It was on the lower terrace of this pyramidal mountain, the Balsiglia, that Henri Arnaudhis army now, alas! reduced to 400--sat down. Viewed from the level of the valley, the peak seems to terminate in a point, but on ascending, the top expands into a level grassy plateau. Steep and smooth as escarped fortress, it is unscalable on every side save that on which a stream rushes past from the mountains. The skill of Arnaud enabled him to add to the natural strength of the Vaudois position the defences of art. They enclosed themselves within earthen walls and ditches; they erected covered ways; they dug out some four-score cellars in the rock, to hold provisions, and they built huts as temporary barracks. Three springs that gushed out of the rock supplied them with water. They constructed similar entrenchments on each of the three peaks that rose above them, so that if the first were taken they could ascend to the second, and so on to the fourth. On the loftiest summit of the Balsiglia, which commanded the entire valley, they placed a sentinel, to watch the movements of the enemy.
Only three days elapsed till four battalions of the French army arrived, and enclosed the Balsiglia on every side. On the 29th of October, an assault was made on the Vaudois position, which was repulsed with great slaughter of the enemy, and the loss of not one man to the defenders. The snows of early winter had begun to fall, and the French general thought it best to postpone the task of capturing the Balsiglia till spring.
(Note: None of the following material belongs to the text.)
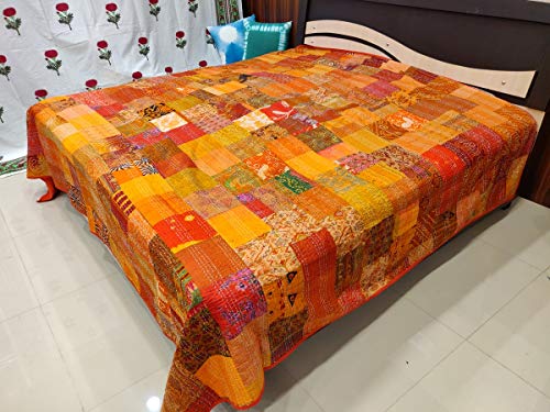 Dessus De Lit Indien Kantha Artisanal Colore Imprimer Sur Tissu Motif Indien Tissu Indien

Destoying all the corn which the Vaudois had collected and stored in the villages, he began his retreat from San Martino, and, taking laconic farewell of the Waldenses, he bade them have patience till Easter, when he would again pay them a visit [Monastier, pp. 304-5].
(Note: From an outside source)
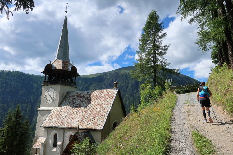 Vorbei an der exponiert am Ortsrand gelegenen neuen Dorfkirche stapfe ich zunächst noch wohlgemut den eigentlich bequemen und breiten, nur eben leider auch arg steilen Forstweg nach oben und tauche ein in dichten Wald. Doch der Weg und die Steigung wollen kein Ende nehmen und so sinkt analog zu Kraft und Motivation auch mein Tempo. Verschnaufpausen sind angesagt und als ich die Hauderalp auf 1.987 m üNN erreiche, sinke ich erschöpft auf eine Holzbank und bleibe erst einmal sitzen. War ich in Monstein noch optimistisch, es innerhalb der Sollzeit nach Davos zurück zu schaffen, wird mir jetzt klar, dass ich dazu heute wohl nicht mehr in der Lage bin.

All through the winter of 1689-90, the Vaudois remained in their mountain fortress, resting after the marches, battles, and sieges of the previous months, and preparing for the promised return of the French. Where Henri Arnaud had pitched his camp, there had he also raised his altar, and if from that mountain-top was pealed forth the shout of battle, from it ascended also, morning and night, the prayer and the psalm. Besides daily devotions, Henri Arnaud preached two sermons weekly, one on Sunday and another on Thursday. At stated times he administered the Lords Supper. Nor was the commissariat overlooked. Foraging parties brought in wine, chestnuts, apples, and other fruits, which the autumn, now far advanced, had fully ripened. A strong detachment made an incursion into the French valleys of Pragelas and Queyras, and returned with salt, butter, some hundred head of sheep, and a few oxen. The enemy, before departing, had destroyed their stock of grain, and as the fields were long since reaped, they despaired of being able to repair their loss. And yet bread to last them all the winter through had been provided, in a way so marvellous as to convince them that He who feeds the fowls of the air was caring for them. Ample magazines of grain lay all around their encampment, although unknown as yet to them. The snow that year began to fall earlier than usual, and it covered up the ripened corn, which the Popish inhabitants had not time to cut when the approach of the Vaudois compelled them to flee. From this unexpected store-house the garrison drew as they had need. Little did the Popish peasantry, when they sowed the seed in spring, dream that Vaudois hands would reap the harvest.
Corn had been provided for them, and, to Vaudois eyes, provided almost as miraculously as was the manna for the Israelites, but where were they to find the means of grinding it into meal? At almost the foot of the Balsiglia, on the stream of the Germagnasea, is a little mill. The owner, M. Tron-Poulat, three years before, when going forth into exile with his brethren, threw the mill-stone into the river; "for," said he, "it may yet be needed." It was needed now, and search being made for it, it was discovered, drawn out of the stream, and the mill set a-working. There was another and more distant mill at the entrance of the valley, to which the garrison had recourse when the immediate precincts of the Balsiglia were occupied by the enemy and the nearer mill was not available. Both mills exist to this day; their roofs of brown slate may be seen by the visitor, peering up through the luxuriant foliage of the valley, the wheel motionless, it may be, and the torrent which turned it shooting idly past in a volley of spray.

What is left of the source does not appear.